Der Umstand, dass wir in einem Zwei-Personen-Haushalt lebten und ich die Mahlzeiten fast nie mit weiteren Menschen einnahm – auch Restaurantbesuche waren bei uns unüblich – beförderte meine Selbsteinschätzung, ein undankbares, seine Mutter abgrundtief hassendes Balg zu sein.
Das Einzige, was mich beruhigte, war, dass der Hass nach den Mahlzeiten immer wieder schnell abklang und ich keinerlei Familien-Massaker plante. Das wäre bei der Intensität meiner Empfindungen durchaus verständlich gewesen. Aber war das Essen vorbei und das – wie ich es empfand – Grunzen verhallt, war alles wieder gut. Ich lebte also mit einem gelegentlich – zwei, drei Mal am Tag – aufblitzenden schlechten Gewissen: Sicher, ich war ein miserabler Sohn, aber eben nur temporär begrenzt.

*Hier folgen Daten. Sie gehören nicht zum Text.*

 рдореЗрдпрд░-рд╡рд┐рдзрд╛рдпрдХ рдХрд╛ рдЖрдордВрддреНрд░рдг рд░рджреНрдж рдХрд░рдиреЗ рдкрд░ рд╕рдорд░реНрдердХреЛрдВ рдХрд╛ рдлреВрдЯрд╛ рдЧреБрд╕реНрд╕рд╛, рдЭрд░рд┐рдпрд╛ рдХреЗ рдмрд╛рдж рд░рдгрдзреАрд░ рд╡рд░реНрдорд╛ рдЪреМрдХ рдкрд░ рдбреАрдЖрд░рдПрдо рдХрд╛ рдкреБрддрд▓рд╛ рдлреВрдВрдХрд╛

Bis zu dem Moment, einige Jahre später, als mir klar wurde: Ich fand nicht nur meine Mutter widerlich, sondern auch meine Freunde. Und deren Eltern. Eigentlich alle Menschen. Geahnt hatte ich das schon länger. Und dann kam dieser Tag respektive Abend, an dem es zur Gewissheit wurde. Ich saß am Abendbrottisch meiner Jugendliebe: Vater, Mutter, Oma, Bruder meiner Freundin und sie selbst – alle schmatzten und schluckten so aufdringlich laut, dass mir die Essgeräusche meiner Mutter im Vergleich dazu plötzlich vorkamen wie eine in der Ferne erklingende Querflöten-Etüde….

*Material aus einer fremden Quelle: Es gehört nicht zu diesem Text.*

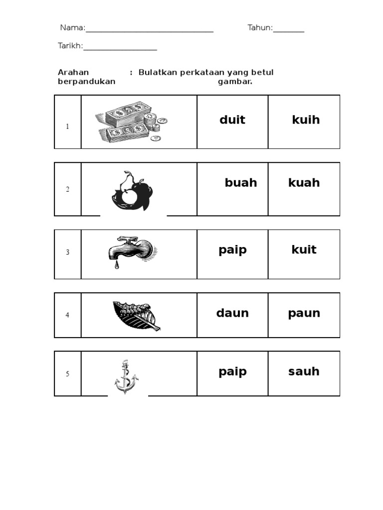 Lembaran Kerja Kemahiran 29 Huruf Vokal Berganding

So ging es dann weiter. Die Jahre zogen dahin, zwischen den Mahlzeiten war mein Leben ganz okay und mein Verhältnis zur Restbevölkerung größtenteils entspannt. Aber während des Essens dachte ich wirklich immer wieder, ich könne Menschen grundsätzlich nicht ertragen. Ich dachte: Hartmut, du bist ein Misanthrop. Du solltest als Eremit in einer Höhle wohnen! Und die Höhle sollte am besten auf einer einsamen Insel liegen. Und die Insel inmitten eines Ozeans …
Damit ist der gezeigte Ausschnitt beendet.